Caricom Heads to examine governance model at Mazaruni retreat

President Bharrat Jagdeo

Caricom Heads will meet this weekend to work out a new governance structure to guide the more than two decades old regional integration movement.

The meeting will take place at the BK Quarry in Mazaruni, Region Seven (Cuyuni/Mazaruni), Guyana. The retreat was planned at the heads of government meeting earlier this year in Grenada and was agreed upon following a proposal by President Bharrat Jagdeo.

At his weekly post-Cabinet briefing, Head of the Presidential Secretariat Dr Roger Luncheon disclosed that the main item on the agenda would be refocusing and re-energizing integration within the Caribbean Community (Caricom). He went on to say that the leaders will be examining existing models of integration and the weaknesses of the current model used by Caricom. “The practice of integration in today’s community business economic reality and imperatives will also be discussed all with the focus of the agenda in mind.”
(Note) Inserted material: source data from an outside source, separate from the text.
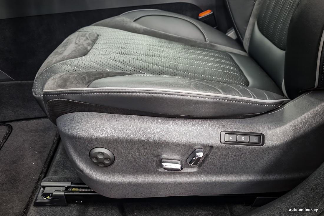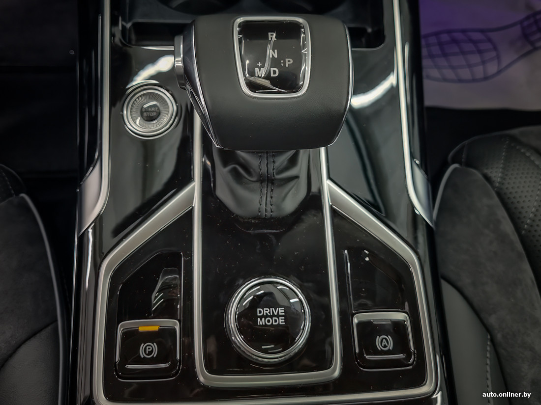 Еще несколько интересных опций: система Start/Stop, бесключевой доступ, помощь при парковке со сканированием параметра, AutoHold, помощь при спуске, пять режимов вождения («Эконом», «Комфорт», «Спорт», «Снег», «Бездорожье»), адаптивный круиз-контроль, автономное экстренное торможение, предупреждение о покидании полосы, о лобовом столкновении, мониторинг слепых зон, проекция на лобовое стекло, беспроводная зарядка, электронный ручник, ABS, ESP, гидравлический усилитель тормозов. Отдельно выделяют системы безопасности: защиту пешеходов, ГЛОНАСС, автономный GPS.
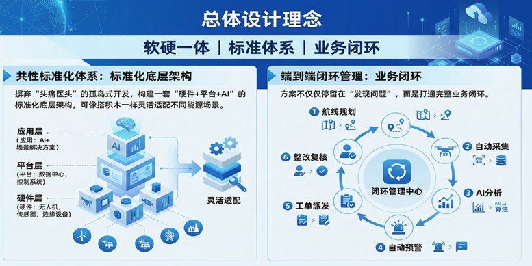 构建 “无人机终端 + 全自动机巢 + 平台系统” 的标准化软硬一体架构,支持网格化无人值守部署,打通航线自动规划、多源数据智能采集、AI 缺陷识别、自动预警、工单派发、整改复核的端到端业务闭环,形成标准化巡检 SOP,可替代人工高危作业,实现 7×24 小时常态化智能巡检。
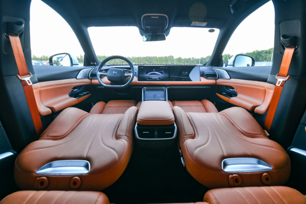 车内大面积采用软性材质包裹,触感上乘。中控台的两块大屏尺寸均为14.96英寸,分辨率为2400*1200dpi,可支持分屏操控,得益于高通骁龙SA8155P芯片,较强的算力能够保证车机系统流畅运行,可以全车全时人机对话,无需唤醒词,且支持无网状态下使用。

At the heads of government meeting in Grenada, it was decided that the retreat mainly will focus on changing the perceived mood of cynicism and doubt over the future of the region’s 38-year-old economic integration movement among Caricom citizens. Over the years, there have been issues plaguing progress within Caricom.

A draft document outlining the intentions of the retreat is said to have placed strong emphasis on a new governance system that would provide a legal basis for implementation of decisions within specific timeframes which all member governments must honour in a new spirit of “shared sovereignty.”

It is not clear whether the meeting will also address the appointment of a successor to Sir Edwin Carrington, who retired as Secretary General at the end of last year.

Prime Minister and Caricom Chairman Tillman Thomas had told the end of summit news conference back in March in Grenada: “It is a work in progress, there is a research committee and there is going to be an interview panel; it is going to be a transparent process and we all will know who is going to be the Caricom Secretary General.”

There are at least six candidates being considered for the position of top public servant in the region. “It is a process, Caricom is an institution (and) the institution is functioning,” Thomas had said, dismissing the notion that the Guyana-based Caricom Secretariat has been without a leader since Sir Edwin stepped down.

Bruce Golding, Prime Minister of Jamaica had said at the same news conference that candidates had been identified.

Asked then whether the leaders would have an announcement to make on the new appointment by the time they gather in St Kitts in July for their annual summit, Golding replied, “one has to be careful you don’t pre-empt the outcome of those interviews. We just have to wait for that process to be completed.